The lyrics remain less than satisfactory, sadly, with the delivery of lines like “You’re someone else’s problem now!” imbuing the lackluster wording with operatic urgency. While the sentiments may be coming from a less overwhelmed place than the preceding album’s medical crisis avalanches, it doesn’t feel like that time for collection has made the phrasing any more sophisticated, clinging as it is to power metal hyperbole, a sketchy grasp of metaphor, and a prog-induced need to avoid communicating like an ordinary person might (that last point of aggravation could probably be put down to me being on an old Alice in Chains kick lately).

Some of those issues are, admittedly, something that comes with the musical style’s territory.
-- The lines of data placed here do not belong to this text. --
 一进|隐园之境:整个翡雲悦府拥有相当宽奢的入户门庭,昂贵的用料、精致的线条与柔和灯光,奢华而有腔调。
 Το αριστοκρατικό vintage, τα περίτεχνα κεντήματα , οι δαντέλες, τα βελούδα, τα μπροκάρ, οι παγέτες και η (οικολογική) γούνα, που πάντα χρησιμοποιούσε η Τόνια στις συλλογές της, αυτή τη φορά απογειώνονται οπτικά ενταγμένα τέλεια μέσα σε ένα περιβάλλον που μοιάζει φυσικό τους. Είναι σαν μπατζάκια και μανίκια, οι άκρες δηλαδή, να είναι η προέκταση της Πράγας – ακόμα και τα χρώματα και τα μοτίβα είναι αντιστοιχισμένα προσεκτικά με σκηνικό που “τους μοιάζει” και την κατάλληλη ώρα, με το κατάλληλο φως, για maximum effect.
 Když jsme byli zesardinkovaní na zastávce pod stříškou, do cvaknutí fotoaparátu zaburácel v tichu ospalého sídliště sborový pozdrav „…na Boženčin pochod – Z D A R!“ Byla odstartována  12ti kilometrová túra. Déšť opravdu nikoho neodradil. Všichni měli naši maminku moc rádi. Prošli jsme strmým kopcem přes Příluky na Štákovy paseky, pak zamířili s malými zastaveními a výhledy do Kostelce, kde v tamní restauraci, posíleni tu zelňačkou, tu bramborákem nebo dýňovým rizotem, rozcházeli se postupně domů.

When you’re mixing power metal with prog, it’s hardly a surprise that the result will be florid. But with a catalog stretching back a decade and a half, it becomes harder to forgive the apparent disinterest in balancing out the extremes with a few minutes of calm lucidity. There are a few exceptions, among them the relatively slow ramping up and bridges of “Indulge in Color”, the speech-and-piano intro of “And Yet”, and the shockingly spartan sounds of “New Year’s Day”, but much of the album maintains a relentless pounding intensity, which ends up robbing itself of impact due to a lack of emotional variety. The instruments themselves, outside of the cluttered soundscape, are rarely handled with less than excellent poise, but when you’ve heard three or four solos stuffed into a single song for five songs in a row, it feels less like an expression of excitation and more like they’ve painted themselves into a corner of routine expectations.

And since the album runs over an hour long, that sense of repetition becomes even more oppressive. Would it have been better served by trimming off a couple of songs for use as B-sides and bringing the run-time down to sub-sixty minutes? Possibly, but that wouldn’t have addressed the real problems eating away at the music’s enjoyability. Some more brevity would have been welcome (with the understanding that, as a prog metal band, you are absolutely entitled to have one or two tracks that run over ten minutes), but it’s variety that’s really needed. Whether the themes are of sadness, longing, resentment, desperation, or determination, the musical dynamics do very little to change with the intended mood. Add to that the persistent high tempo, and you’ve got the makings of a comparison to the bus from Speed, minus the fun scenery-chewing the late Dennis Hopper could have delivered if some necromancy had allowed him the chance to perform vocals on this album.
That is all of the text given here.